Vincitore undici anni fa di Operalia, l’autorevole concorso creato e patrocinato da Plácido Domingo, Villazon fu immediatamente proiettato sulla ribalta internazionale, e immediatamente la conquistò sia con la sua bella, omogenea, duttile e ben impostata voce “latina” di tenore lirico sia con la sua esuberanza scenica, favorita da un fisico elastico e sottile. Esuberanza che lo portò a caricarsi di troppi impegni, spesso in repertori impervi per la sua vocalità, tanto che a metà 2007 il suo organismo gli presentò il conto costringendolo a una lunga sosta coronata da un intervento alle corde vocali.

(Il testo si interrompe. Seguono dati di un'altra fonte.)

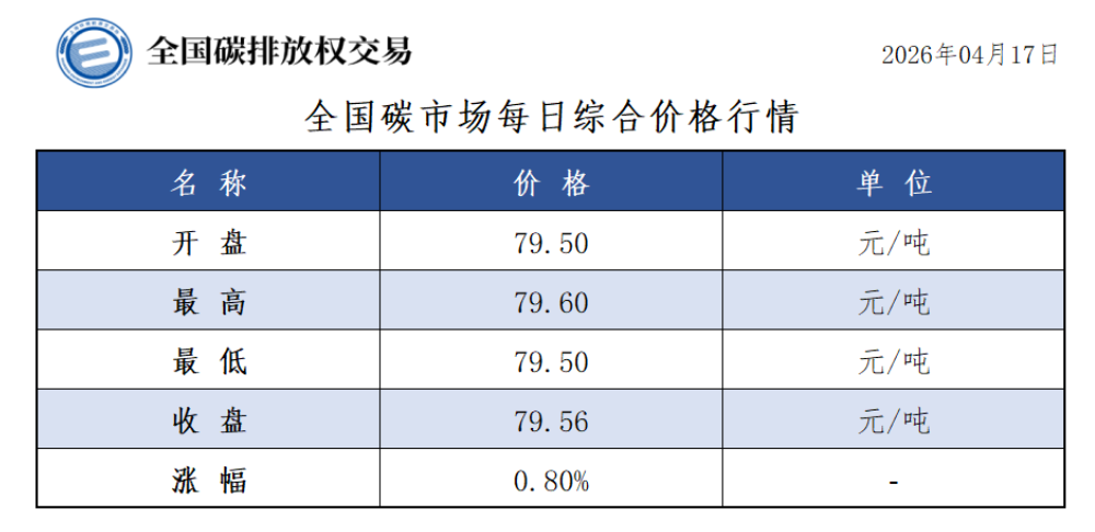 今日全国碳市场综合价格行情为: 开盘价79.50元/吨,最高价79.60元/吨,最低价79.50元/吨,收盘价79.56元/吨,收盘价较前一日上涨0.80%。

Indubbiamente, la sua voce risulta oggi affievolita. Lo stile di canto compensa però in termini di fascino quanto ha perso in volume (un’oculata scelta del repertorio potrebbe garantirgli ancora molti anni di carriera): giacché l’artista è diventato ancora più grande. Sfoggiando una variegatissima tavolozza di colori e di accenti, in assoluta sintonia con una recitazione ammiccante e variegata, ha tratteggiato un Nemorino di una poesia malinconica e sfuggente alla Charlot, punto focale di uno spettacolo di impalpabile leggerezza ambientato in una provincia campagnola dell’Italia anni Cinquanta, che la felicissima ripresa di Hans Christian Räth, assistente di Pelly, taglia su misura dei singoli interpreti. 
Tutti di primissimo ordine, dalla vivacissima Adina di Nino Machaidze, al gustoso Belcore di Gabriele Viviani, fino all’irresistibile – sia scenicamente che vocalmente – Dulcamara di Ambrogio Maestri. 
Altrettanto fondamentali al felice esito complessivo sono parsi altri due eccezionali interpreti. Il coro di Bruno Casoni, di incredibile bravura anche nella recitazione: straordinaria per morbidezza e varietà d’intenzioni la scena contadine-Giannetta in cui viene rivelata l’improvvisa ricchezza piovuta addosso al sempliciotto che istantaneamente si trasforma nel partito più ambito del paese. E la direzione di Donato Renzetti, che non solo ha accompagnato i cantanti come adagiandoli su un cuscino di piume, ma ha sfoggiato veri e propri virtuosismi di concertazione, soprattutto nel settore dei fiati.